=== WHAT YOU NEED TO DO ===
Using the data below, set down every line from the one containing "Zeiten, Termine und" through the one containing "Vom ersten Kletterabenteuer", inclusive and unchanged. Pictures are to be skipped.

=== SOURCE MATERIAL ===
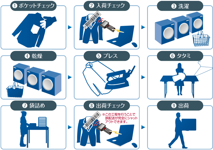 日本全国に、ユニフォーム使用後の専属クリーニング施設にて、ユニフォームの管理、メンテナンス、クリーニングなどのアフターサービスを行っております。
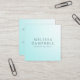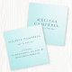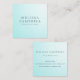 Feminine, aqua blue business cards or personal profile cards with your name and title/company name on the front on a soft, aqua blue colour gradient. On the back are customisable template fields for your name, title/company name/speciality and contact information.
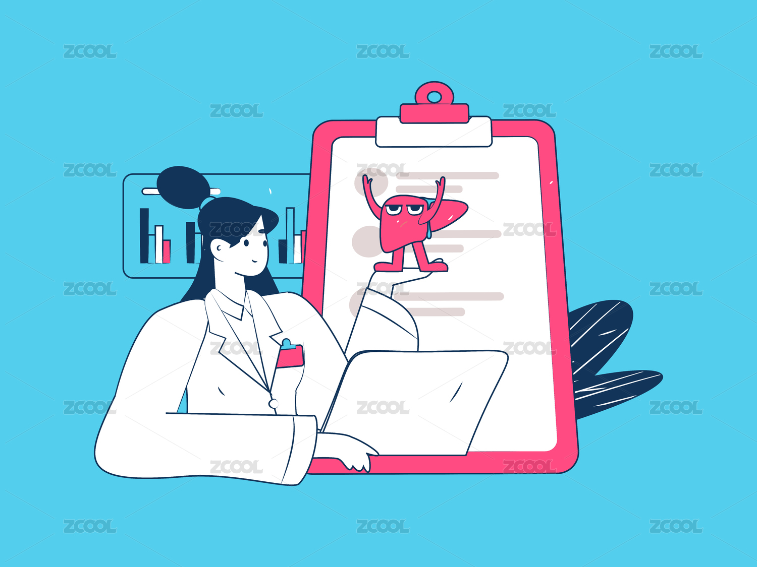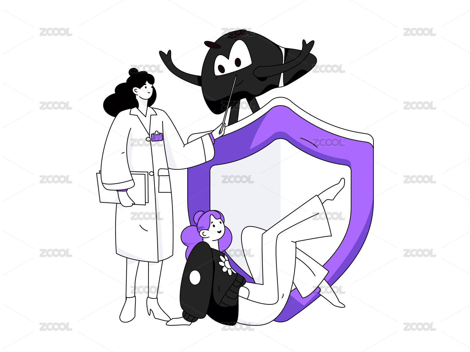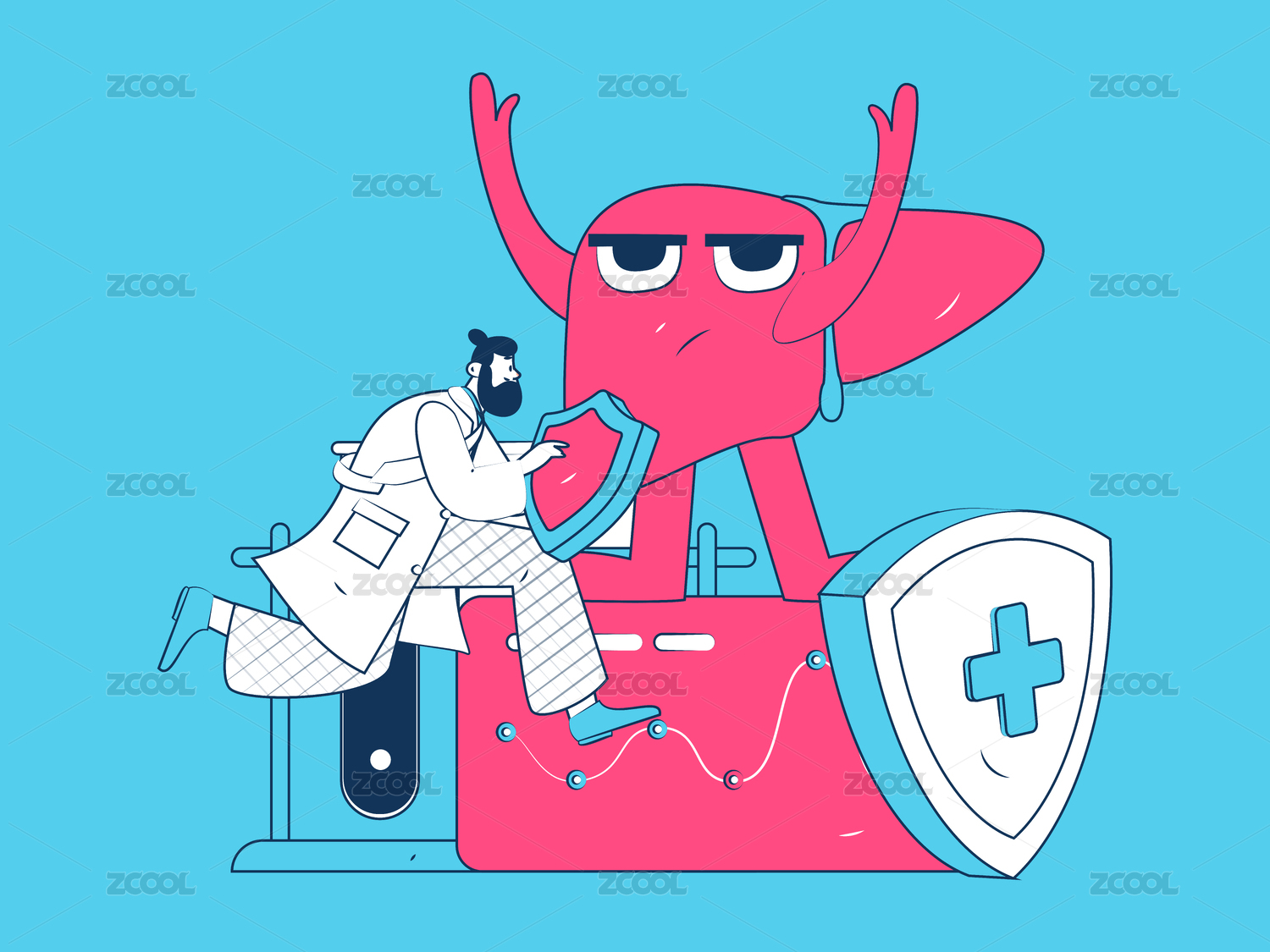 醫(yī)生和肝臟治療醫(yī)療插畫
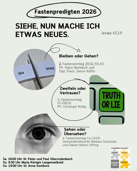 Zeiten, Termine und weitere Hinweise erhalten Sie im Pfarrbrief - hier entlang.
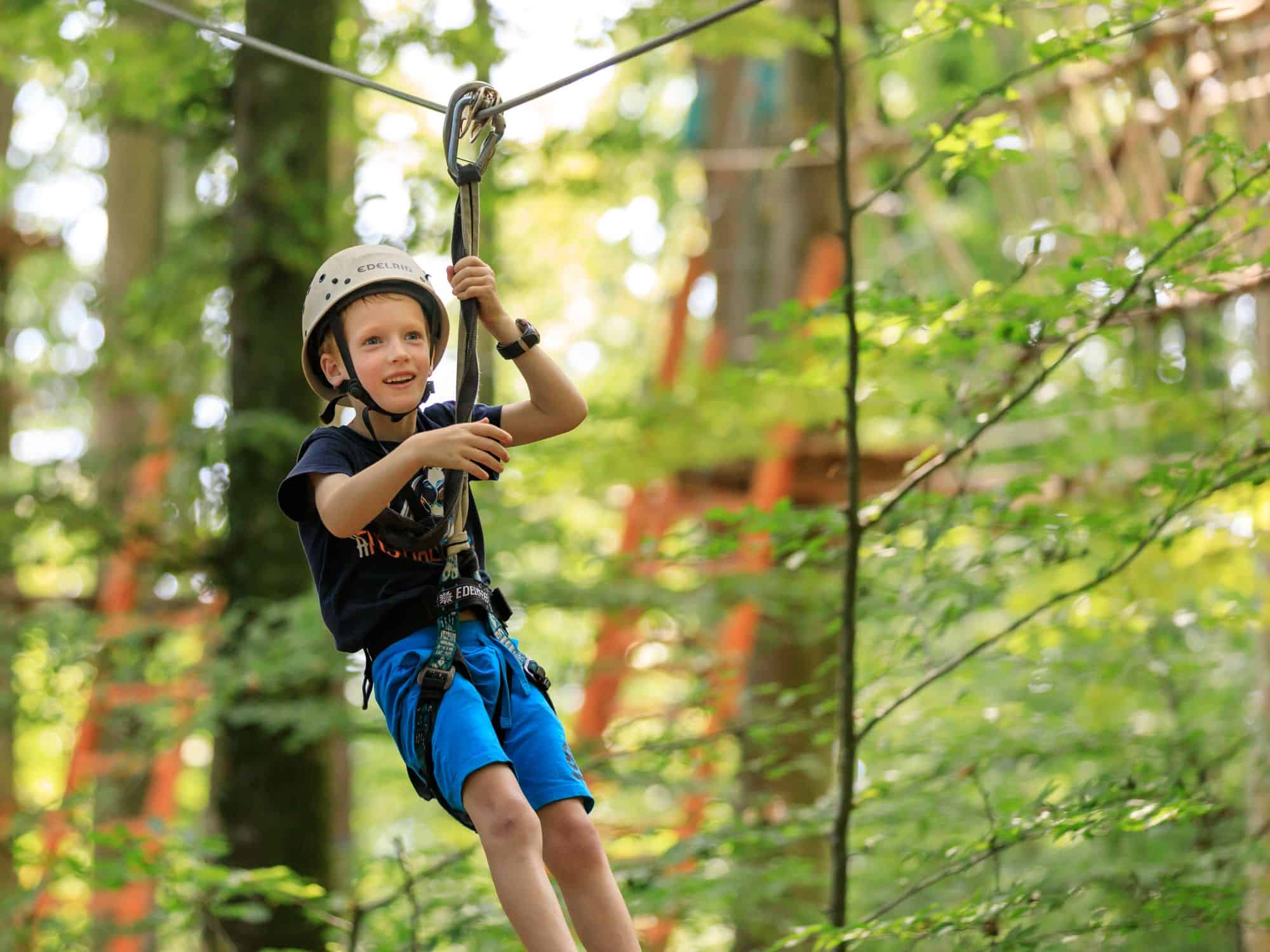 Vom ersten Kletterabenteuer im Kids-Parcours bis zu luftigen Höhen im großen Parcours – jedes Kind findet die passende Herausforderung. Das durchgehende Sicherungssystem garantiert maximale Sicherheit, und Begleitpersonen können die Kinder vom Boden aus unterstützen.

* * *

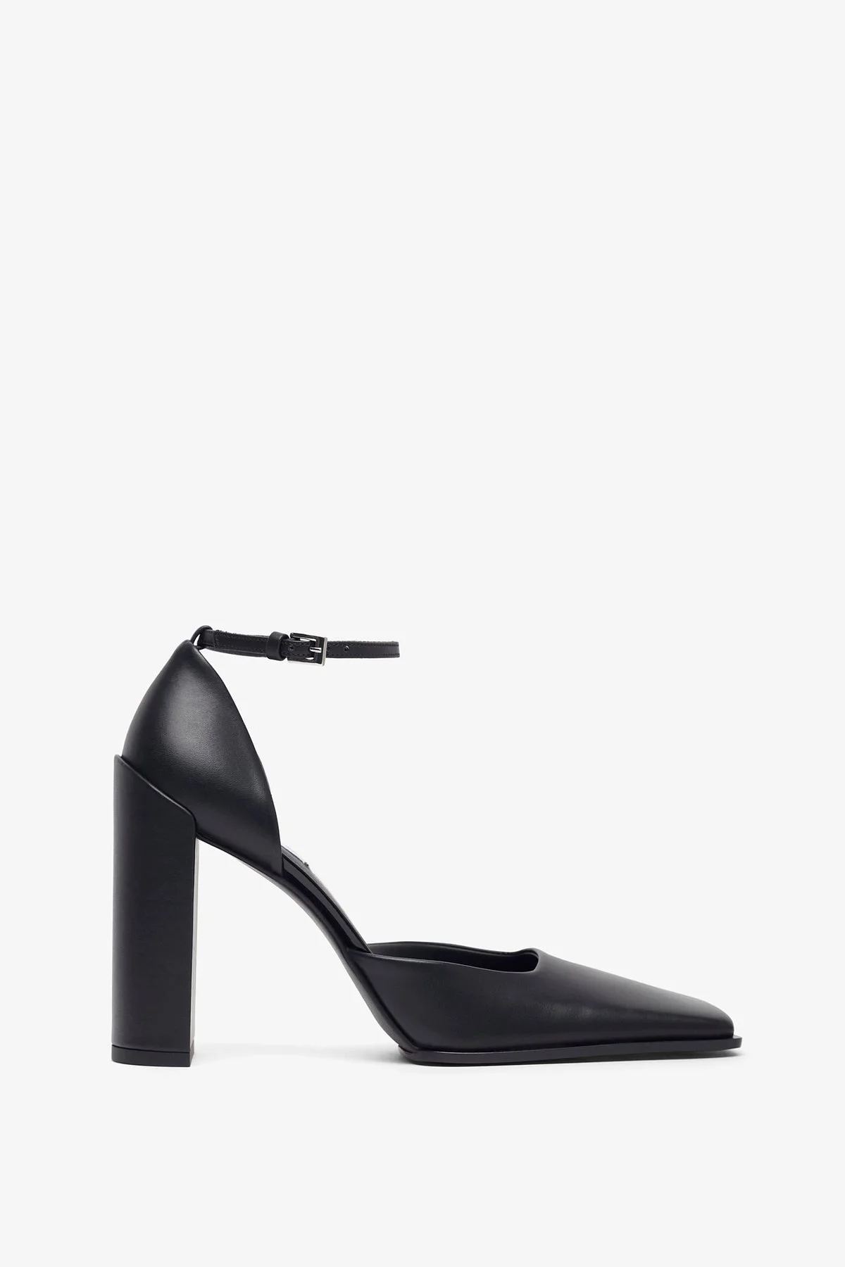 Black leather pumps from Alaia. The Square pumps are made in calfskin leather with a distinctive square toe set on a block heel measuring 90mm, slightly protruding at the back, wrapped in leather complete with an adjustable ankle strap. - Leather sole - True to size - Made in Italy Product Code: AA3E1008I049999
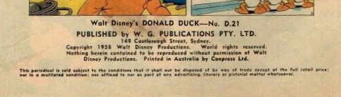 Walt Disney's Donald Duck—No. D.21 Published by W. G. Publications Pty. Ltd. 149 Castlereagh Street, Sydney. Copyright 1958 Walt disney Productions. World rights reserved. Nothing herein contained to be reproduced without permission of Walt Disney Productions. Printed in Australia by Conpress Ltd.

=== WRITTEN RESPONSE ===
 Zeiten, Termine und weitere Hinweise erhalten Sie im Pfarrbrief - hier entlang.
 Vom ersten Kletterabenteuer im Kids-Parcours bis zu luftigen Höhen im großen Parcours – jedes Kind findet die passende Herausforderung. Das durchgehende Sicherungssystem garantiert maximale Sicherheit, und Begleitpersonen können die Kinder vom Boden aus unterstützen.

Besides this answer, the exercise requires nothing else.